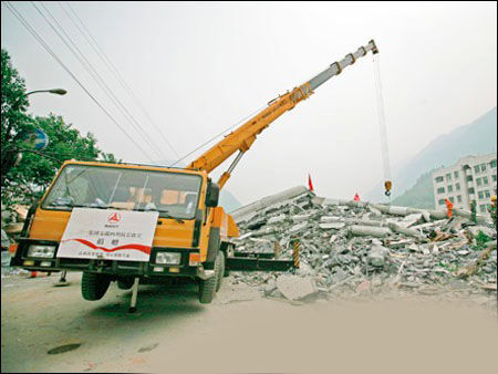 三一7臺(tái)挖掘機(jī)、8臺(tái)起重機(jī)以及80多名具有設(shè)備操作經(jīng)驗(yàn)的青年員工組成抗震救災(zāi)志愿者突出隊(duì),受命開赴災(zāi)區(qū)。
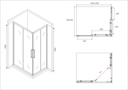 Душевой уголок ABBER Schwarzer Diamant AG02128MH 120х80 хромированный профиль матовое стекло
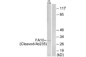 The antiserum was produced against synthesized peptide derived from human FA10.
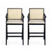 Woven Cane Plastic Backrest Bar Stool Foam Padded Fabric Seat & Durable Rubberwood Frame - Cream Gray
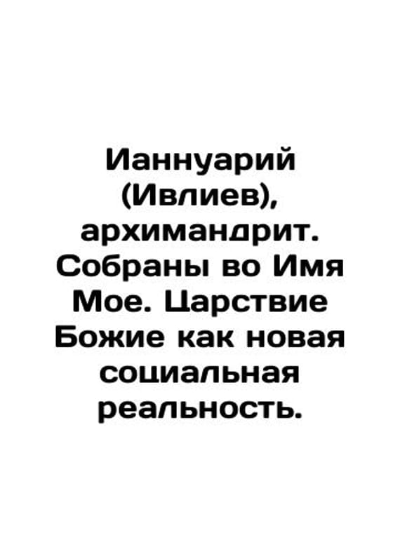 Iannuarius (Ivliev), archimandrite. Collected in My Name. The Kingdom of God as a new social reality. In Russian /Iannuariy (Ivliev), arkhimandrit. Sobrany vo Imya Moe. Tsarstvie Bozhie kak novaya sotsialnaya realnost. M. Nikkei 2022. 192 p. We have thousands of titles and often several copies of each title may be available. Please feel free to contact us for a detailed description of the copies available. SKUalbf712f74b7c6b9201.
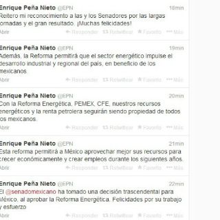 "El @senadomexicano ha tomado una decisión trascendental para México, al aprobar la Reforma Energética. Felicidades por su trabajo y esfuerzo".
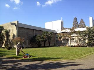 職員の釘さんが、高校生をもてなすため、芝生をカットしてくださっています!芝生のい〜い香り!
━━━━
WHAT TO DO =
Write out the entries word for word. Skip the pictures.

WRITTEN RESPONSE =
 三一7臺(tái)挖掘機(jī)、8臺(tái)起重機(jī)以及80多名具有設(shè)備操作經(jīng)驗(yàn)的青年員工組成抗震救災(zāi)志愿者突出隊(duì),受命開赴災(zāi)區(qū)。
 Душевой уголок ABBER Schwarzer Diamant AG02128MH 120х80 хромированный профиль матовое стекло
 The antiserum was produced against synthesized peptide derived from human FA10.
 Woven Cane Plastic Backrest Bar Stool Foam Padded Fabric Seat & Durable Rubberwood Frame - Cream Gray
 Iannuarius (Ivliev), archimandrite. Collected in My Name. The Kingdom of God as a new social reality. In Russian /Iannuariy (Ivliev), arkhimandrit. Sobrany vo Imya Moe. Tsarstvie Bozhie kak novaya sotsialnaya realnost. M. Nikkei 2022. 192 p. We have thousands of titles and often several copies of each title may be available. Please feel free to contact us for a detailed description of the copies available. SKUalbf712f74b7c6b9201.
 "El @senadomexicano ha tomado una decisión trascendental para México, al aprobar la Reforma Energética. Felicidades por su trabajo y esfuerzo".
 職員の釘さんが、高校生をもてなすため、芝生をカットしてくださっています!芝生のい〜い香り!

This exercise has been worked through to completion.